Sam Bankman-Fried said again that he was innocent by pleading not guilty to fraud and money laundering charges related to the failure of his bitcoin business, FTX, last year. Bankman-Fried, the founder of FTX, went to court on Tuesday for his arrest in the Southern District of New York.
The latest charge, which adds new accusations to the ones from December, says that he stole customer money and used it for things like buying real estate and giving money to political campaigns. This new indictment adds a campaign finance charge to the case because authorities couldn’t put it in the original one because of an international pact with the Bahamas.
Magistrate Judge Sarah Neburn ran the meeting. She carefully went over each charge and asked Bankman-Fried if she wanted to hear the whole accusation. He didn’t agree and just said “no” before making his case.

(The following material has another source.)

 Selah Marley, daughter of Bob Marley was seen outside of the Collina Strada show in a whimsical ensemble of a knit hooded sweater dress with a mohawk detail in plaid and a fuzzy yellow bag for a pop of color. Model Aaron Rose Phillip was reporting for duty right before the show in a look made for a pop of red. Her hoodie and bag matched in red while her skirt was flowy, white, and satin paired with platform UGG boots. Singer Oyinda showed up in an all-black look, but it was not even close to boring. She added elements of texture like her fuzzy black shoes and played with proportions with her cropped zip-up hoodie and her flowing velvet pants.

Since his bail was taken away earlier this month, Bankman-Fried went to court for the first time since then. He was wearing a tan suit and briefly smiled at his mother, Barbara Fried, who was in the crowd. As soon as the hearing started, he was led by a U.S. Marshal to the table where his lawyers were sitting. His father, Joseph Bankman, did not come to this trial, which was different from the meeting on August 11.

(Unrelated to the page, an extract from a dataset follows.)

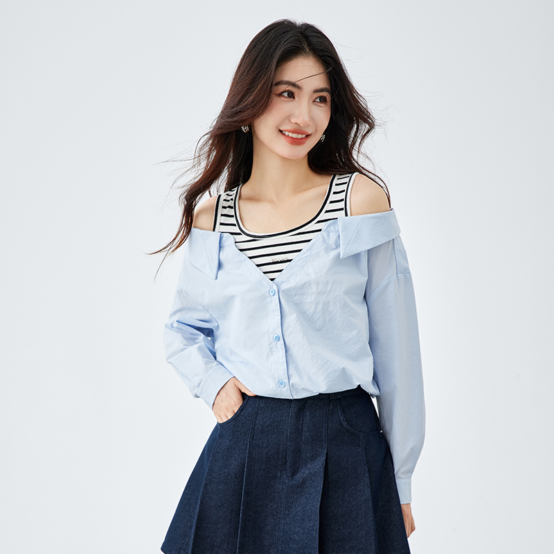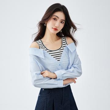FA54335# 露肩假两件衬衫女长袖春季新款叠穿条纹拼接上衣蓝色衬衣 服裝批發女裝批發服飾貨源

Before the hearing started, Bankman-Fried had a serious talk with his lawyers.
This Tuesday’s hearing follows a request from Bankman-Fried’s defense, asking for his daily access to meet with his lawyers and use computers with internet access while at the U.S. Attorney’s office. Judge Lewis Kaplan, who is in charge of the case, said on Monday that Bankman-Fried could talk with his lawyers at the office until 3:00 p.m. EDT that day. But the judge hasn’t decided what to do about the wider request yet.

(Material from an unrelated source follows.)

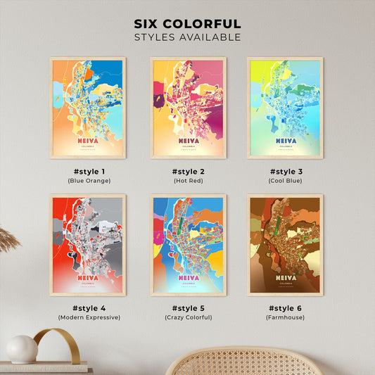 Colorful NEIVA COLOMBIA Fine Art Map Poster | Customizable

During Tuesday’s court session, one of Bankman-Fried’s lawyers, Christian Everdell, brought up another worry. He said that holding the FTX founder in jail was against the Sixth Amendment because it hurt the founder’s rights. Everdell said that since Bankman-Fried had been locked up, he had not been able to see the evidence in his case.
Everdell emphasized that Bankman-Fried requires computers with internet access to review the numerous papers uncovered during the discovery process. He mentioned that there are millions of papers that necessitate careful examination and analysis.
Everdell said, “He can’t explain his findings and analyses to us well.” “He should be able to do in-depth analyses.”
In answer, Assistant U.S. Attorney Danielle Kudla pointed out that this problem had already been brought up in front of Judge Kaplan, who had turned down the request.
Netburn said, “You know that magistrate judges usually don’t outrank…” People who were there laughed when she said that.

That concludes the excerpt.